Edmonton

Federal budget allows Edmonton to build LRT 'indefinitely,' says mayor

Edmonton’s mayor says Tuesday’s federal budget shows Ottawa is finally listening to the big cities and their demand for long term funding for big transportation projects, such as the city’s LRT.

Advocacy has paid off, says Mayor Don Iveson

“Given all the pre-planning work that we’ve done we’re actually very well positioned to take advantage of this funding," said Mayor Don Iveson on Tuesday. (CBC)

Edmonton's mayor says Tuesday's federal budget shows Ottawa is finally listening to the big cities and their demand for long term funding for big transportation projects, such as the city's LRT.

"This money will allow us actually to continue to build LRT indefinitely until the system is done, which is very exciting news for Edmontonians," said Mayor Don Iveson.

​He was responding to a transit funding commitment announced in the budget. A new federal transit fund comes into effect in 2017-18. It includes $750 million over the first two years, increasing to $1 billion per year thereafter for public-private transit projects.

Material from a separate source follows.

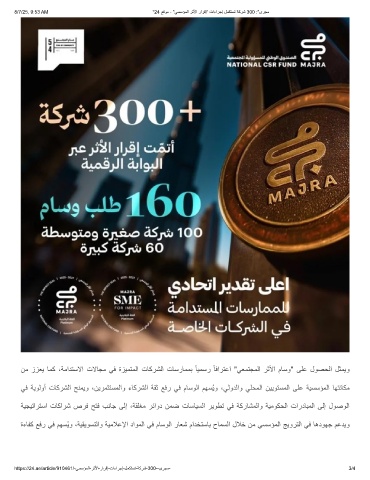 8/7/25, 9:53 AM "24 ﻊﻗوﻣ - "ﻲﺳﺳؤﻣﻟا رﺛﻷا رارﻗإ" تاءارﺟإ لﻣﻛﺗﺳﺗ ﺔﻛرﺷ 300 :"ىرﺟﻣ

Although it is not yet clear how much money will flow to Edmonton, Iveson said it will allow city council to plan and "not miss a construction season" for LRT growth.

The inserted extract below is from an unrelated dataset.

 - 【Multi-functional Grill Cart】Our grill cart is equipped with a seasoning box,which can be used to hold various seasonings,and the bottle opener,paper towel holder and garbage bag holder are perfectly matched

The city has plans to build a west LRT line from downtown to West Edmonton Mall.

Iveson said the federal money will mean the city will not have to wait until the Valley Line, connecting downtown to Millwoods, is open "to start that next phase of construction completing our system."

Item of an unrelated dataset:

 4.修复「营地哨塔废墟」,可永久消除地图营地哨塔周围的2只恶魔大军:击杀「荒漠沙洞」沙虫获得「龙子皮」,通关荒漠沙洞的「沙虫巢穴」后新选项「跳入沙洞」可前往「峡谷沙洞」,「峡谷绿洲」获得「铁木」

"Given all the pre-planning work that we've done, we're actually very well positioned to take advantage of this funding."

In February, 19 mayors from Canada's biggest cities met  and called on the federal government and all federal parties to commit to providing funding for transit, citing traffic congestion and failing infrastructure.

The Federation of Canadian Municipalities (FCM) also urged the government to include $1 billion for public transit in the budget.

Both the mayors and the FCM used the timing of a federal election year to make their funding request heard.

Similarly, Iveson is now using Alberta's election to make the same point,  saying the province should match whatever money comes from the federal government.

He said he'll be watching Thursday night's televised debate to see what promises for cities are made, if any, from the provincial parties.